Chris Lawson · 9 December 2005
Er...the point about SETI being at the exploratory stage was meant to be my second rejoinder, in case that wasn't clear.
Michael Rathbun · 9 December 2005
With respect to Mt Rushmore, we need not trouble ourselves overmuch with abstract calculations of the likelihood of the faces themselves being natural.
Instead we can actually visit the site and observe
- tool marks on the faces
- tool marks on chips of rock below
- abundant evidence of the use of explosives
- evidence of the powerhouse, the winches, the scaffolding and other mechanisms now absent
- evidence of the continued presence of over 400 human beings in the vicinity for a brief period
Not to mention that an exhaustive search of the planet's surface would turn up the original model, records of the project, plans, correspondence, stuff in the Congressional Record...
CBBB · 9 December 2005
Because it LOOKS designed
Wrong Jason. The big difference is that SETI has a pretty good understanding of the forces in the universe whereas Dembski (or anyone for that matter) does not have the understanding of biological history to be able to calculate the probabilities of an event. That's the Big, Important difference here.
Dembski's argument to disprove evolution is based on the assumption that evolution by natural selection is wrong to begin with.
CBBB · 9 December 2005
The theoretical basis behind Dembskism is not solid enough to be able to accurately detect design compared to other uses of "design detect".

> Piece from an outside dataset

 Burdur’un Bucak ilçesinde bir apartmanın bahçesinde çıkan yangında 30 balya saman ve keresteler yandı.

Bayesian Bouffant, FCD · 9 December 2005
Jason · 9 December 2005
Paul C,
The algorithms are "intelligently designed."
:^)
(I realize there are evolutionary algorithms that aren't directly designed. These would analogize to Deism to me, I guess.)
:^)
CBBB,
Um, I don't think anyone has a full grasp on how the universe works. Dark Matter? Inflation? Come on. If SETI found a big green square floating in some other plantery system, they could ASSUME it was manufactured, but they wouldn't KNOW it was. In this case, I don't think seeing is believing, especially based on our paltry understanding of cosmology.
Bayesian Bouffant, FCD,
I think the argument goes: If future archeologists came upon Mt. Rushmore...

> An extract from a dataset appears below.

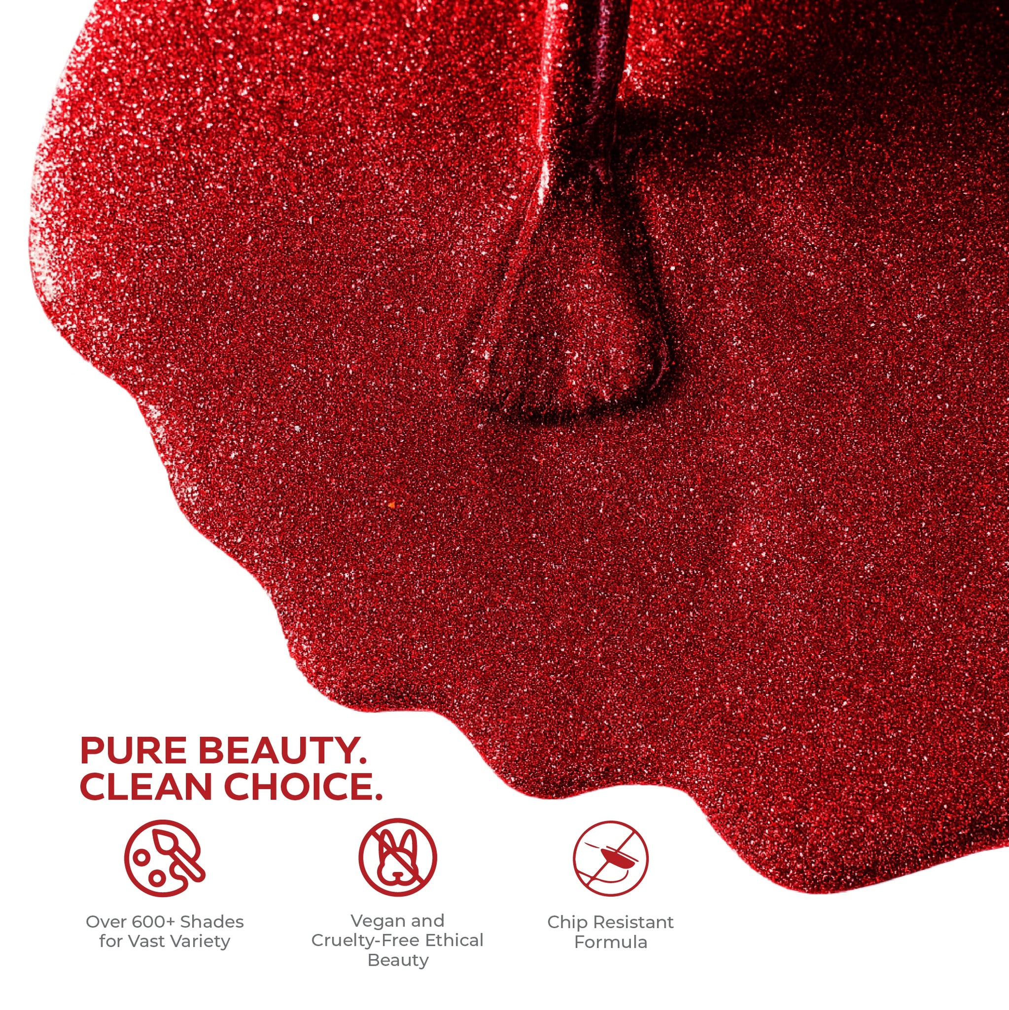 This Red Disco Glitter Gel Polish delivers rich, highly pigmented color with a smooth, self-leveling texture for consistent, streak-free coverage. Designed for professional use, the formula cures quickly under UV/LED lamps and maintains a high-gloss finish without shrinkage or yellowing. The TPO-free and HEMA-free formulation supports modern salon standards while providing reliable wear and easy soak-off removal.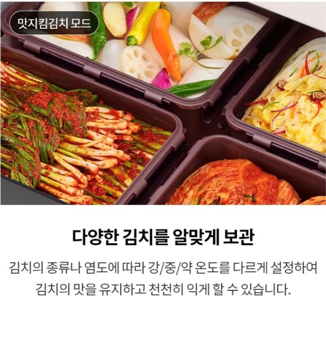 - 내부는 상칸, 중칸, 하칸으로 나뉘어 있는데, 상칸에는 김치통이 없고 중칸과 하칸에만 있어요. 요즘은 예전처럼 김치를 많이 담가 먹지 않기 때문에, 김치냉장고를 다용도 냉장고처럼 사용합니다. 상칸을 냉동, 냉장, 김치 보관 모드로 변환할 수 있어서 김치가 많지 않을 때는 중칸과 하칸에 김치를 보관하고 상칸을 냉장이나 냉동으로 활용하면 훨씬 효율적으로 사용할 수 있답니다. 김치통이 부족하다면 필요한 만큼 추가 구매해서 사용하는 게 더 효율적이에요.

I think, though, it's far more fun to ask an ID person if the BACK of Mt. Rushmore is designed. They have to say, no, it happened by "natural forces." Natural forces, you ask? You mean that the back of Mt. Rushmore didn't come about by a miracle? It wasn't "created?" The structure we see is the result of millions of years of weathering and erosion? Then if they are a closet YEC, they'll be forced to defend something they don't believe in order to look like a "true" ID person. Then you can get into the Grand Canyon, plate techtonics, the physical impossibility of Noah's flood, etc. A YEC will have to divorce himself from all the Biblical crap. At least it will move them in the right direction (even though they'll secretly not give up on their cemented pre-conceptions, maybe just maybe they'll see a glimmer of the light.)

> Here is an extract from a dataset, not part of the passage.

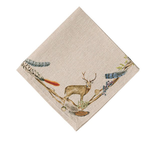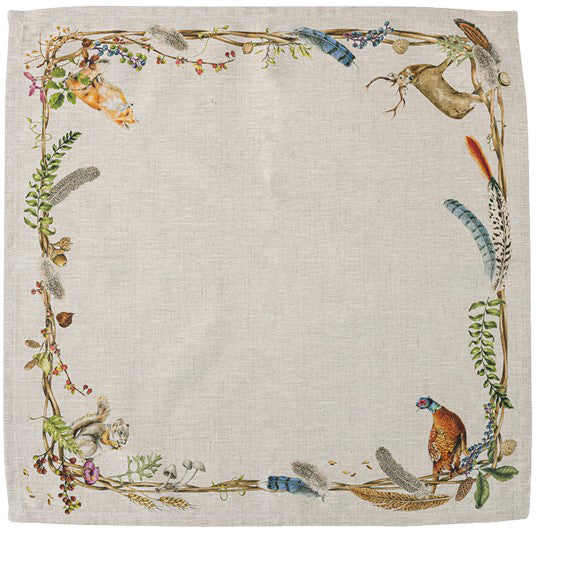 Celebrating the bounty of friends and abundant fare at harvest time, we’ve invited four new guests to our Autumn table! Part of our cherished Forest Walk collection, a stately stag, regal pheasant, thoughtful fox, and charming squirrel are featured within the corners of our beautifully woven linen napkin and bordered with our painterly Fall motif.
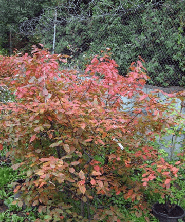The plant reaches 2.5–3 m in height, bushy, with a wide spreading crown. Erect shoots, olive-gray bark. Egg-shaped leaves with a serrated edge. The average length of the leaves is 3.5–4 cm, width is about 2.5 cm. In autumn, they change color from dark green to scarlet or crimson, in the sun they shine golden.

Andrew McClure · 9 December 2005
k.e. · 9 December 2005
Jason said
"
it's far more fun to ask an ID person if the BACK of Mt. Rushmore is designed"
That reminds me of one of the funniest cartoons I've ever seen
Don Martin from Mad Mag.
Picture If you will a helicopter tour of Mt. Rushmore
1st frame everyone oohs and ahhs over the front view
they all fly around the back and you see the rest of bodies carved out kneeling down.